**WHAT TO WORK ON**
All entries are to be reproduced exactly; the pictures are to be omitted.

################

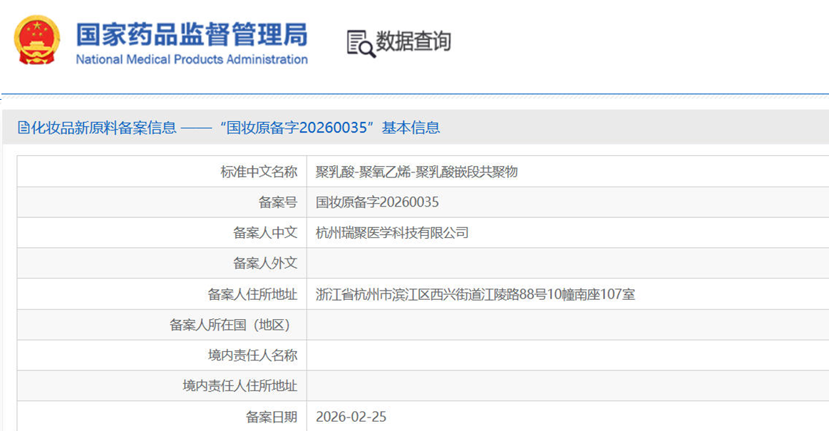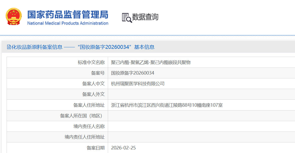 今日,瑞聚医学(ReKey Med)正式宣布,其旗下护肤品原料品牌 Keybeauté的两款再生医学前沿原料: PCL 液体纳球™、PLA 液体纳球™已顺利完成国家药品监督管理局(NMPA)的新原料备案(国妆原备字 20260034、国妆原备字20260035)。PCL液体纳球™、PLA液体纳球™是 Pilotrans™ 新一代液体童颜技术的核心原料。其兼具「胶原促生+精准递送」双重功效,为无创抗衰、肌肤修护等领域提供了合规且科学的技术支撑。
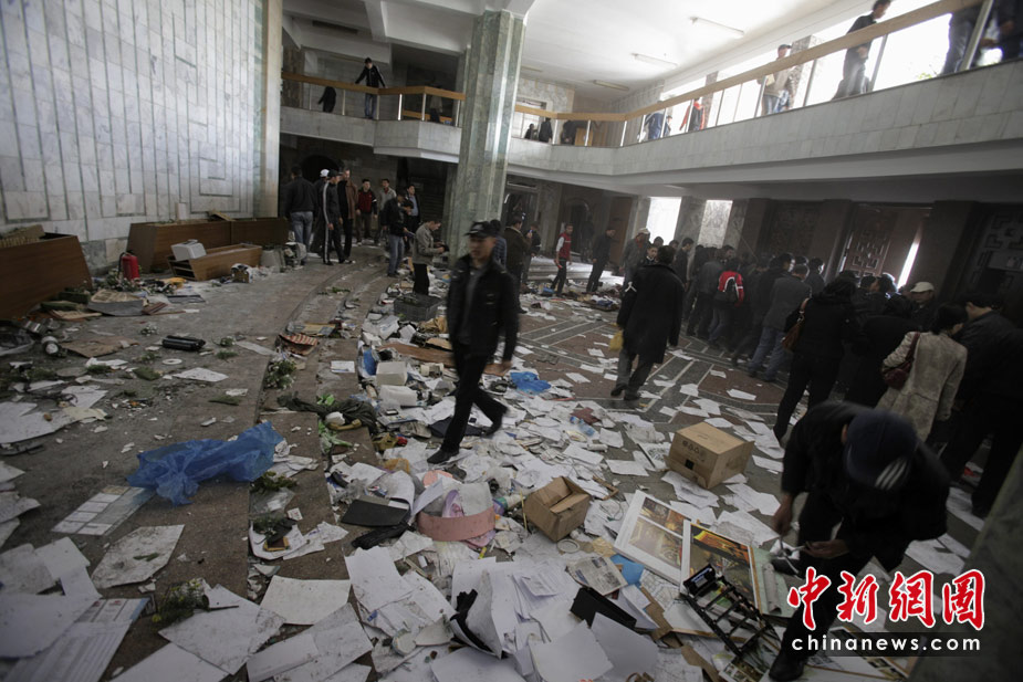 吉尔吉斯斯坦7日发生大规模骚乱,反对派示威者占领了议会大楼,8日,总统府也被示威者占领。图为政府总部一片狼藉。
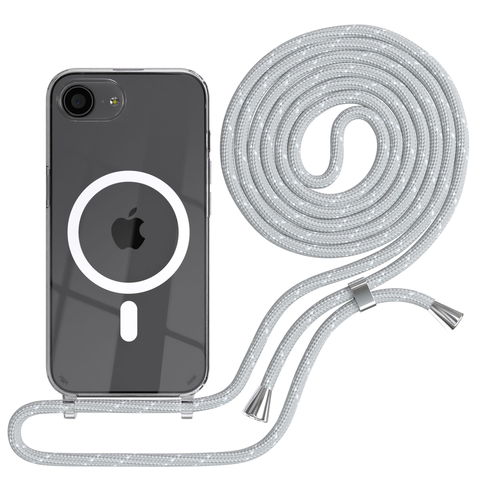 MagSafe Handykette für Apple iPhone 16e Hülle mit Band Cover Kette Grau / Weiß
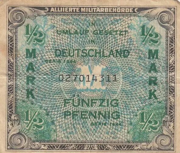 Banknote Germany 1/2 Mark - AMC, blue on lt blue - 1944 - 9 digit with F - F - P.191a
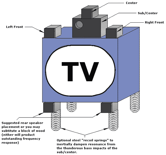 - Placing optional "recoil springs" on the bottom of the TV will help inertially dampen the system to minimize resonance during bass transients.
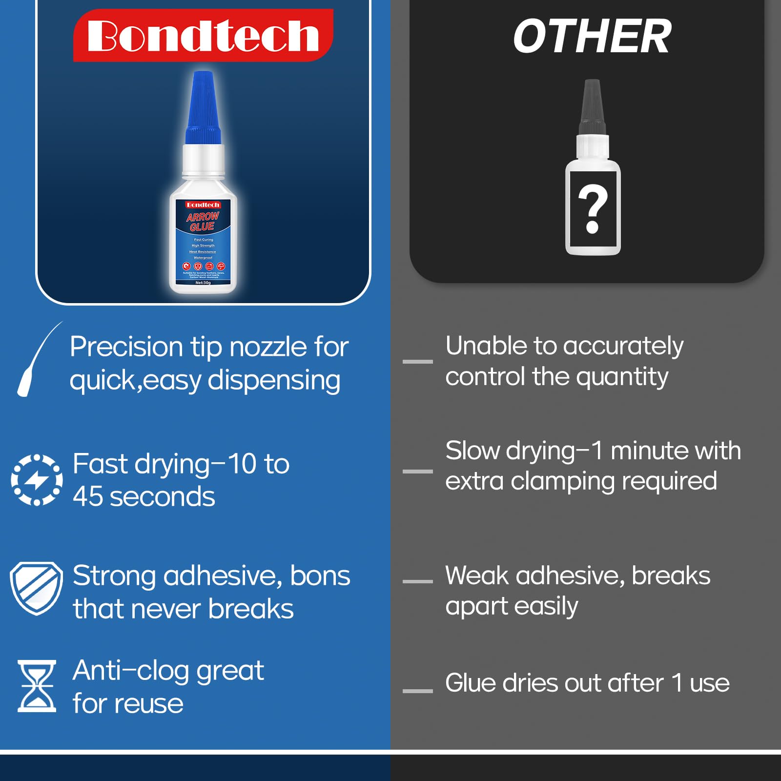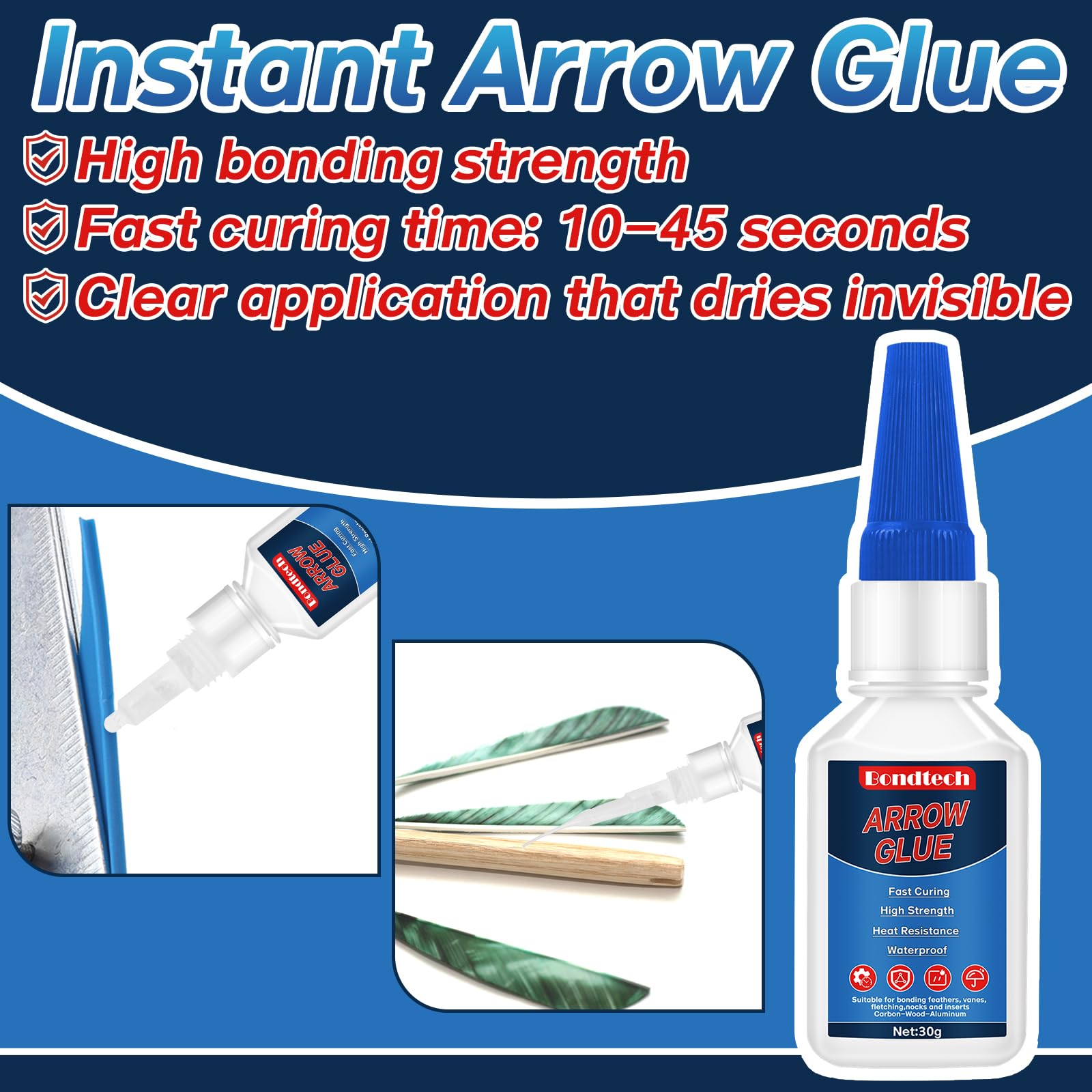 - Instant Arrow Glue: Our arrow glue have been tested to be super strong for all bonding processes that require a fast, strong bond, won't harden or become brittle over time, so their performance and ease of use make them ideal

################

**WORKED SOLUTION**
 今日,瑞聚医学(ReKey Med)正式宣布,其旗下护肤品原料品牌 Keybeauté的两款再生医学前沿原料: PCL 液体纳球™、PLA 液体纳球™已顺利完成国家药品监督管理局(NMPA)的新原料备案(国妆原备字 20260034、国妆原备字20260035)。PCL液体纳球™、PLA液体纳球™是 Pilotrans™ 新一代液体童颜技术的核心原料。其兼具「胶原促生+精准递送」双重功效,为无创抗衰、肌肤修护等领域提供了合规且科学的技术支撑。
 吉尔吉斯斯坦7日发生大规模骚乱,反对派示威者占领了议会大楼,8日,总统府也被示威者占领。图为政府总部一片狼藉。
 MagSafe Handykette für Apple iPhone 16e Hülle mit Band Cover Kette Grau / Weiß
 Banknote Germany 1/2 Mark - AMC, blue on lt blue - 1944 - 9 digit with F - F - P.191a
 - Placing optional "recoil springs" on the bottom of the TV will help inertially dampen the system to minimize resonance during bass transients.
 - Instant Arrow Glue: Our arrow glue have been tested to be super strong for all bonding processes that require a fast, strong bond, won't harden or become brittle over time, so their performance and ease of use make them ideal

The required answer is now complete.